The Moon is not just a barren rock. It is home to a wide range of valuable materials, many of which could reshape the economics of space if they can be extracted efficiently. Among these, the most talked about is Helium-3, an isotope that has accumulated on the lunar surface over billions of years due to exposure to the solar wind. It can be described as the holy grail of space resources because of its potential applications.
Helium-3 could play a key role in clean nuclear fusion energy, offering a low-emissions alternative to current energy systems. It is also relevant to advanced technologies such as quantum computing and medical imaging.
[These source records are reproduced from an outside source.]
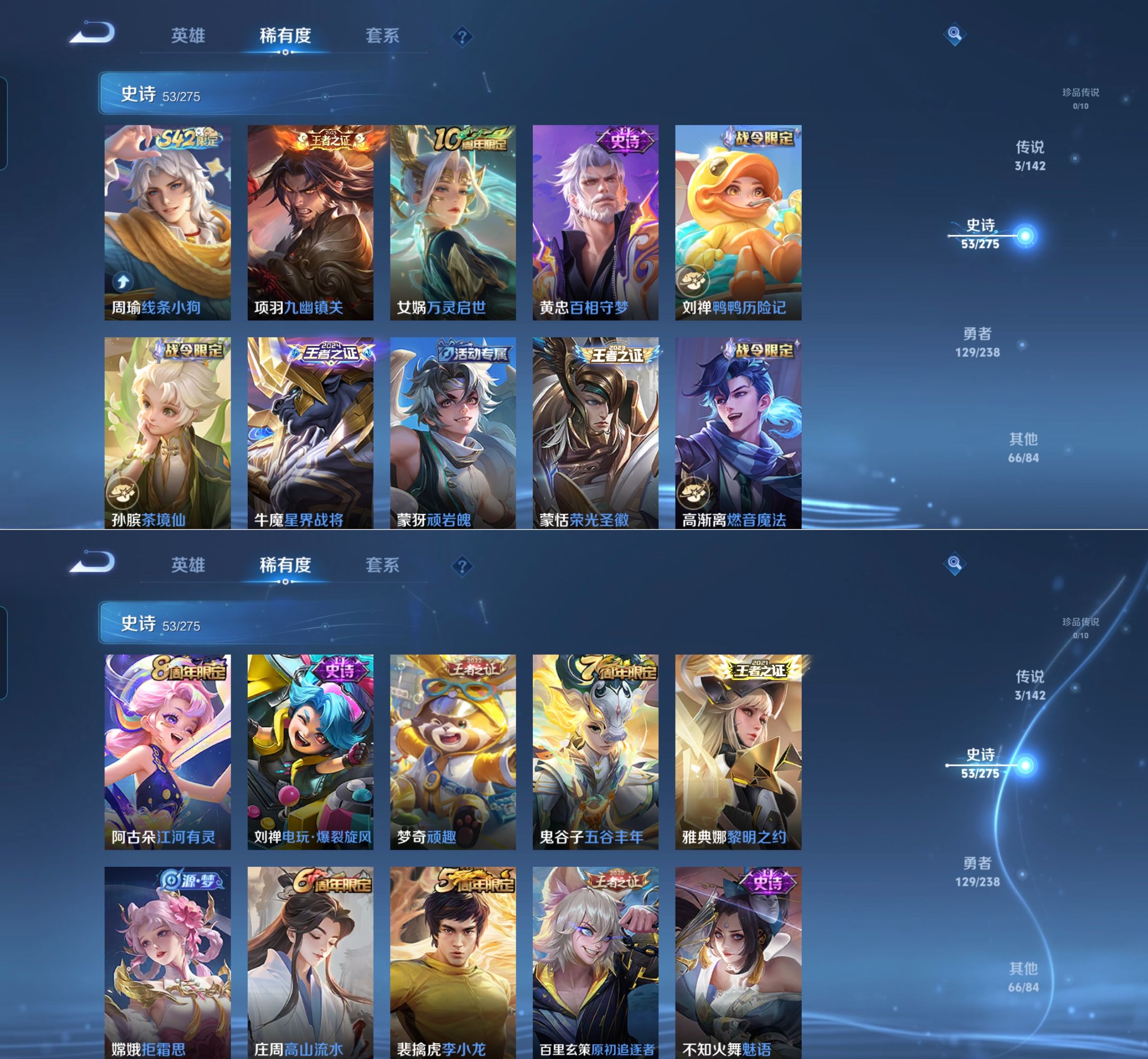 【史诗皮肤】 蔬乡物语 茶境仙 星界战将 布丁狗之约 谧流熔炉 鸭鸭历险记 线条小狗 九幽镇关 王牌新星 江河有灵 决胜大满贯 荣光圣徽 百相守梦 漠中幻影 顽岩魄 万灵启世 顽趣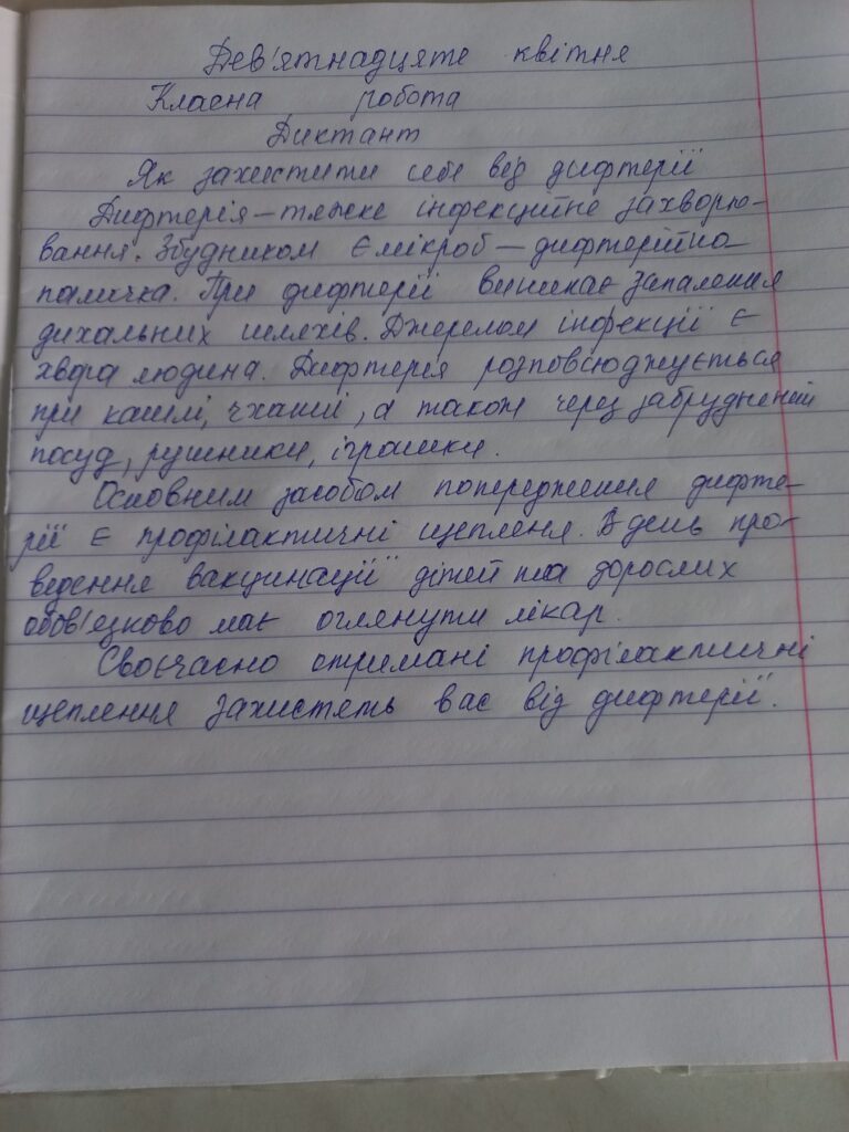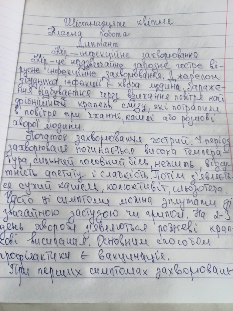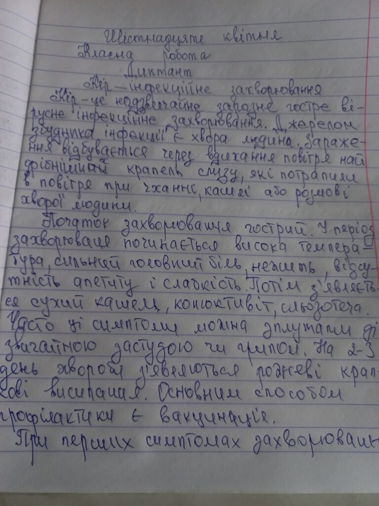 До Всесвітнього тиждня імунізації та у зв’язку з погіршенням епідемічної ситуації щодо кашлюка з метою попередження захворюваності на кашлюк та інші вакцинокеровані інфекції та отримання і закріплення знань про дані інфекції з 22 по 25 квітня проведено диктанти, уроки-лекції, списування текстів серед учнів середніх та старших класів Вараського ліцею №6.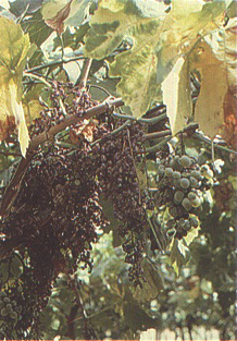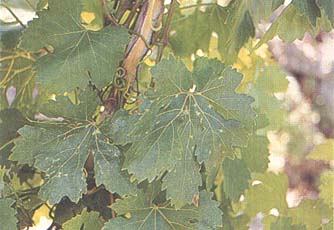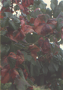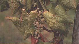 FIGURE 121 Close-up of Baco 22A leaves with symptoms of flavescence dorée. Note shelling and shrivelling of the cluster

What makes it especially attractive is its scarcity on Earth.
Even small quantities brought back from the Moon could command millions of dollars, making it one of the few resources where the economics might justify the extreme costs of space extraction.
Beyond helium-3, lunar regolith (a layer of dust covering the Moon's surface, formed over billions of years by meteorite impacts) contains metals such as titanium, aluminum, and iron. Extracting and processing these materials in space could reduce the need to launch heavy materials from Earth, which is probably one of the most expensive aspects of space missions.
There’s also another, lesser-known layer to this. Certain regions of the Moon, called KREEP terrains (short for potassium, rare-earth elements, and phosphorus), are believed to contain concentrations of rare-earth materials. These include elements such as yttrium and neodymium, found in trace minerals like apatite, monazite, and merrillite. On paper, the scale is enormous, with estimates suggesting hundreds of trillions of kilograms of these elements embedded in the lunar surface.
But here’s the catch. Unlike deposits on Earth, these materials are highly dispersed. They exist in such low concentrations that, with current technology, extracting them in economically viable quantities is nearly impossible. In other words, while the Moon may look like a treasure trove of rare earths, it doesn’t yet qualify as a mine. At least not in the way we understand mining today.
Besides, these possibilities come with significant uncertainty.
Space exploration remains one of the most capital-intensive activities undertaken by governments and private companies. Despite reusable rockets bringing down the cost of launches, they are still high, timelines are long, and returns are uncertain. Unlike in traditional industries, there is no immediate revenue model to justify large-scale investment in lunar infrastructure.
As we’ve explained in a previous story about SpaceX:
The cost of developing the Starship, transporting cargo and humans, setting up habitats, and sustaining repeated missions could easily run north of $1 trillion. And more importantly, there is no obvious revenue model at the end of it.
From a shareholder perspective, that is a sinkhole, and history often suggests that the markets win those arguments.
This is where the current phase differs from the Apollo era.
Apollo was primarily driven by geopolitical tensions between the US and the Soviet Union. Economic returns were not the objective. Today, while national prestige still plays a role, there is a growing emphasis on long-term economic viability.
The expectation, however, is not that space exploration will generate immediate profits, but that early investments will create options for the future. If certain technologies mature, such as reusable rockets, space mining, or nuclear fusion, the economic landscape could shift dramatically.
Until then, much of the spending remains speculative.
This is why Artemis II is significant despite being a non-landing mission. It represents a transition from proving that something is possible to understanding whether it can be sustained. The focus is on reliability, consistency, and scalability rather than one-time achievement.
So yeah, if these early missions succeed, they set the stage for sustained lunar presence later in the decade (or century). That, in turn, opens the door to experiment with infrastructure, resource utilisation, and new economic activities.
If they fail, the timeline stretches further, and the economics become harder to justify.